街道熙熙攘攘,熱鬧聲響順著木窗傳入酒樓內。

在窗邊坐著的白胡子老頭收回目光,朝著同桌之人神神秘秘地說道。

“什麽事兒啊?”

別人順著他的話問下去, 他反而皺眉“嘖”了一聲:“你新來的吧?懂不懂規矩,這種事兒是能直接問的嗎?”

立即有人“嗤”了一聲:“神神道道的, 有話快說, 誰有時間在這兒捧你臭腳?”

“神神道道”的白胡子老頭耳朵很靈,這句話在嘈雜環境中自然沒有被他放過, 當即橫眉豎目,就要發作。

坐在另一邊的人瞧了眼眾人的表情,立即打圓場道:“好了好了,趙仙長你也是, 這麽重要的事兒, 就別賣關子了。”

被稱為“趙仙長”的老頭“哼”了一聲,伸手摸了摸長到腰間的白胡子,瞪向剛才出言不遜的年輕人,悠悠開口道:“黃口小兒,有些事情不是你這種人可以知道的!”

雖然被人尊稱一聲“仙長”, 但怎麽看這臉上橫七豎八布滿溝壑的老頭,都無法將他和仙風道骨四個字聯系起來。

唯一能和“仙”沾點邊兒的, 大概只有那捧白胡子。順滑不毛躁, 純白而非花白,如若忽略胡子上那雙雞爪一樣幹瘦的手, 確實有那麽幾分仙氣飄飄的感覺。

據他人所說, 這個趙仙長真在門派裏當過幾天仙人。

先是做了幾天打雜的, 後來以外發現體內有雜靈根,就順理成章的成了門派的外門弟子。

當然, 做外門弟子的經歷算不上稀奇,只是這趙仙長走了狗屎運,進的是現下大名鼎鼎的問玄派。

而問玄派中的季淮,幾乎無人不知。

作為平頭老百姓來說,季淮就是天上星,水中月。只能通過傳聞來了解季淮的生平事跡,而據趙仙長自己所說,還受過季淮的讚揚。

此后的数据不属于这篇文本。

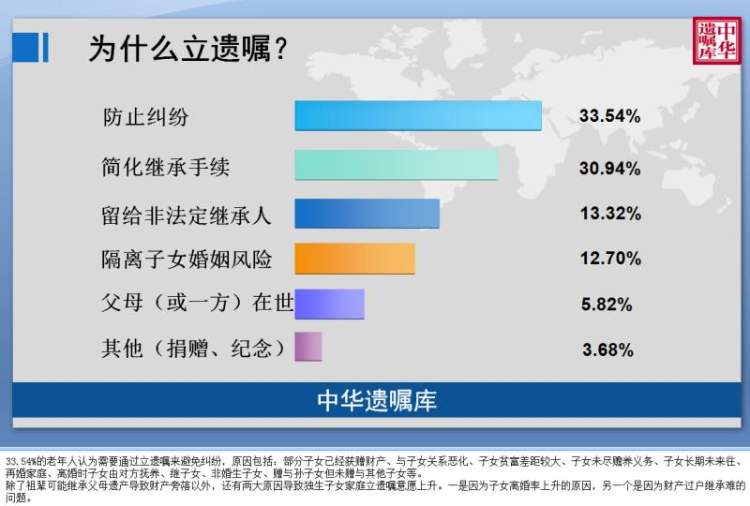 另一方面,有30.94%的老年人立遗嘱的原因是因为担心未来子女办理过户手续困难,为了说明一些无法提供证明的事实,例如是否有私生子女,是否是与再婚配偶的共同财产等,避免未来子女办理继承手续可能遇到的难题。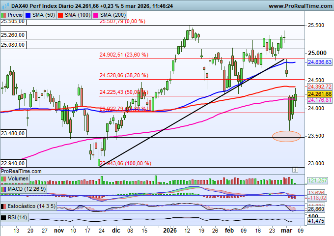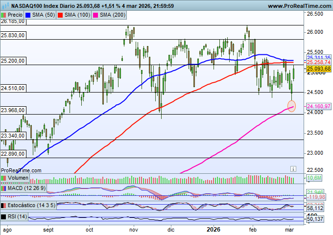 El tecnológico Nasdaq 100 tampoco ha sufrido un golpe tan importante como los índices europeos, que han perdido incluso directrices alcistas clave. En el caso del Nasdaq 100, la media móvil de 200 períodos, situada en los 24.160 puntos, ha servido como soporte dinámico, permitiendo que el índice mantenga su comportamiento técnico de corto plazo.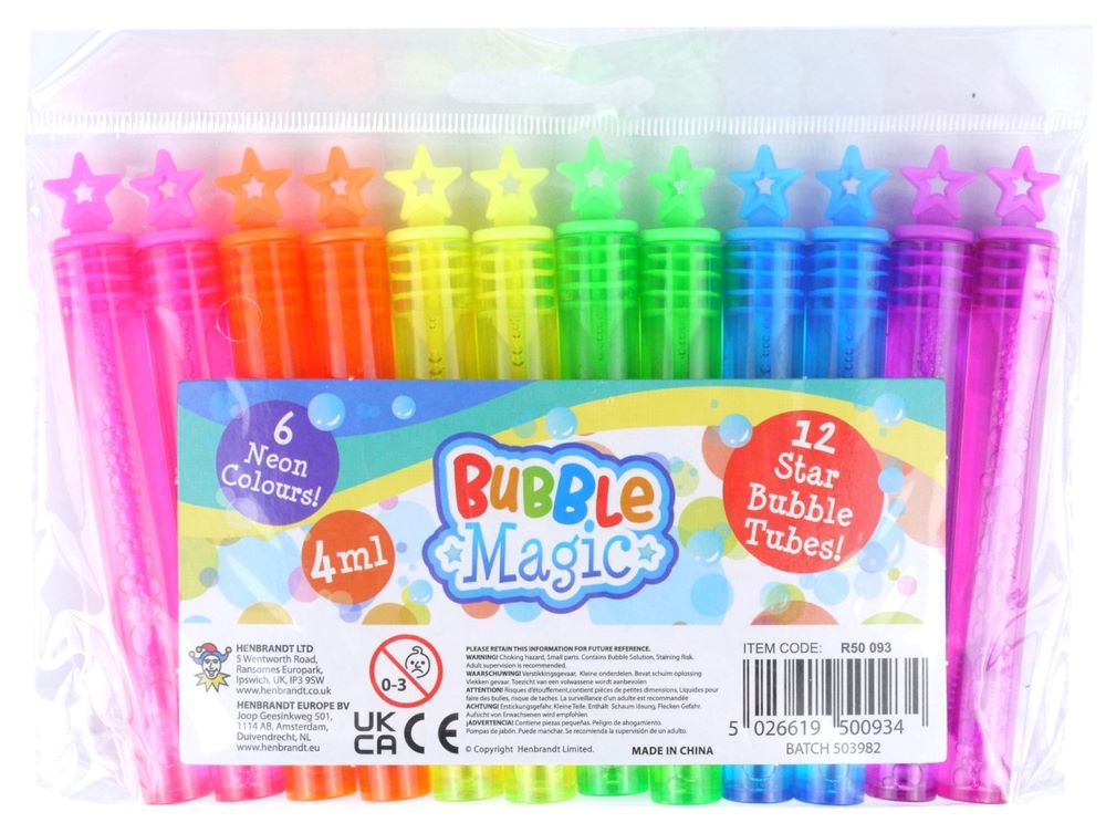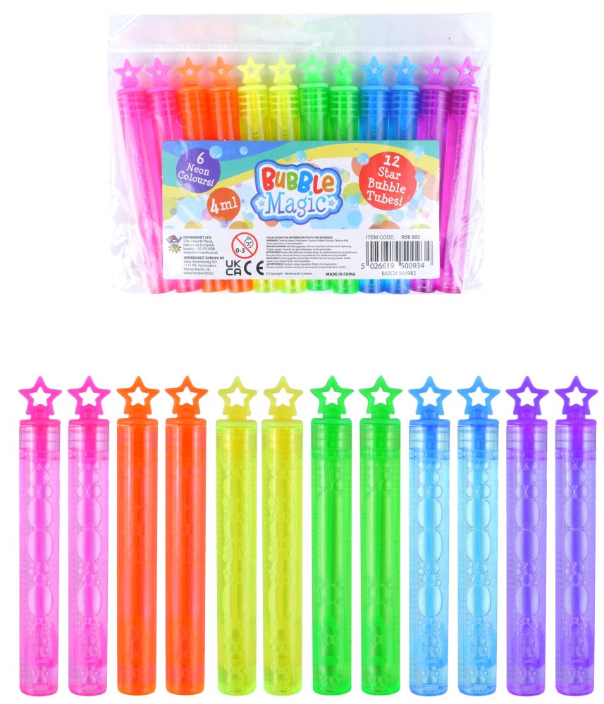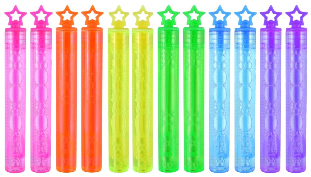 Die 12 bunten Sterne Seifenblasen sind ein tolles Mitgebsel für Kindergeburtstage oder Geschenktüten. Die 12 bunten Röhrchen kommen in jeder der 6 Farben als Paar. Das Fassungsvermögen beträgt 4ml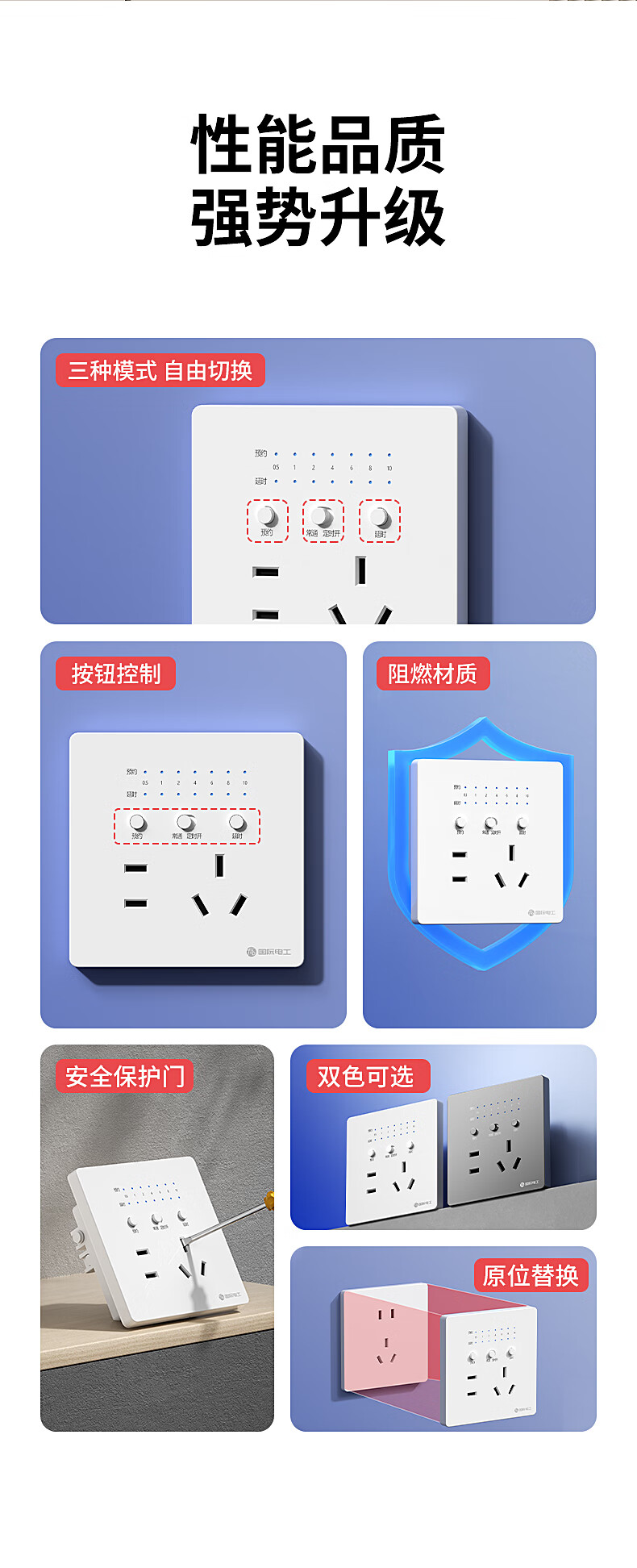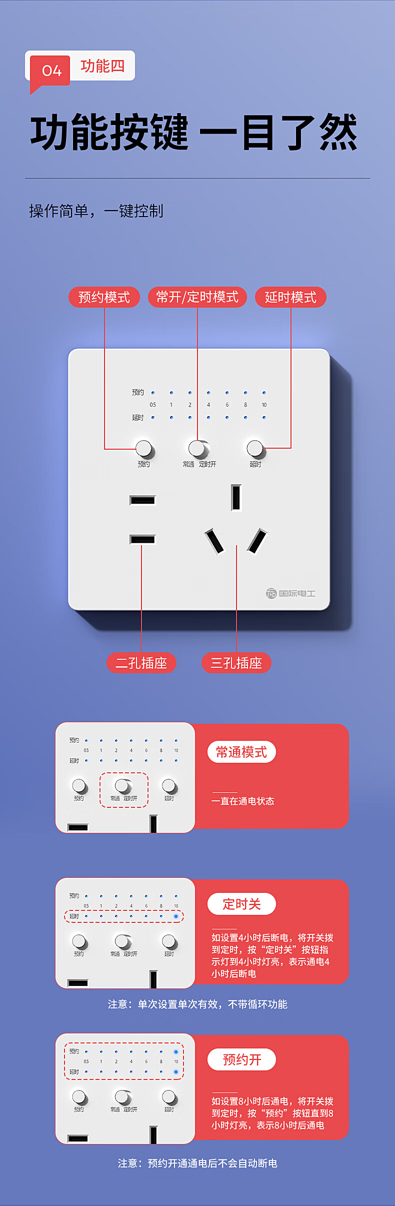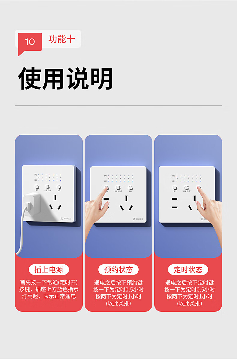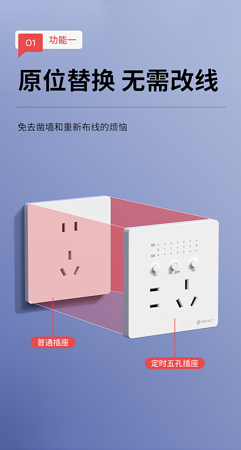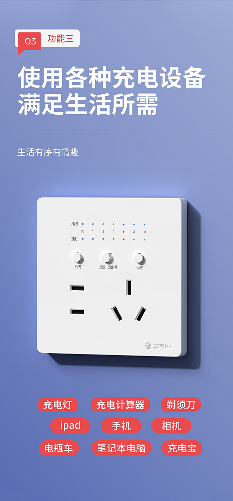 FDD国际电工86型暗装错位五孔定制插座家用多功能定时器智能预约定时开关插座 86型定时错位五孔插座-白色

於是乎原先無人問津的老頭立即被拔高到了一個全新的地位。一到這個時間點,酒樓中就會變得摩肩接踵,甚至有人早早地打好地鋪,就是為了第二天能占到一個好位置。

“趙仙長”的虛榮心得到了極大的滿足,也越來越容不得別人質疑他的話。

因此年輕人質疑他的時候才會怒從心頭起,見那年輕人被制止後只是翻了個白眼,又是被人左請右請,才屈尊降貴地開口:“茲事體大,你們先將門窗關好,我才能說。”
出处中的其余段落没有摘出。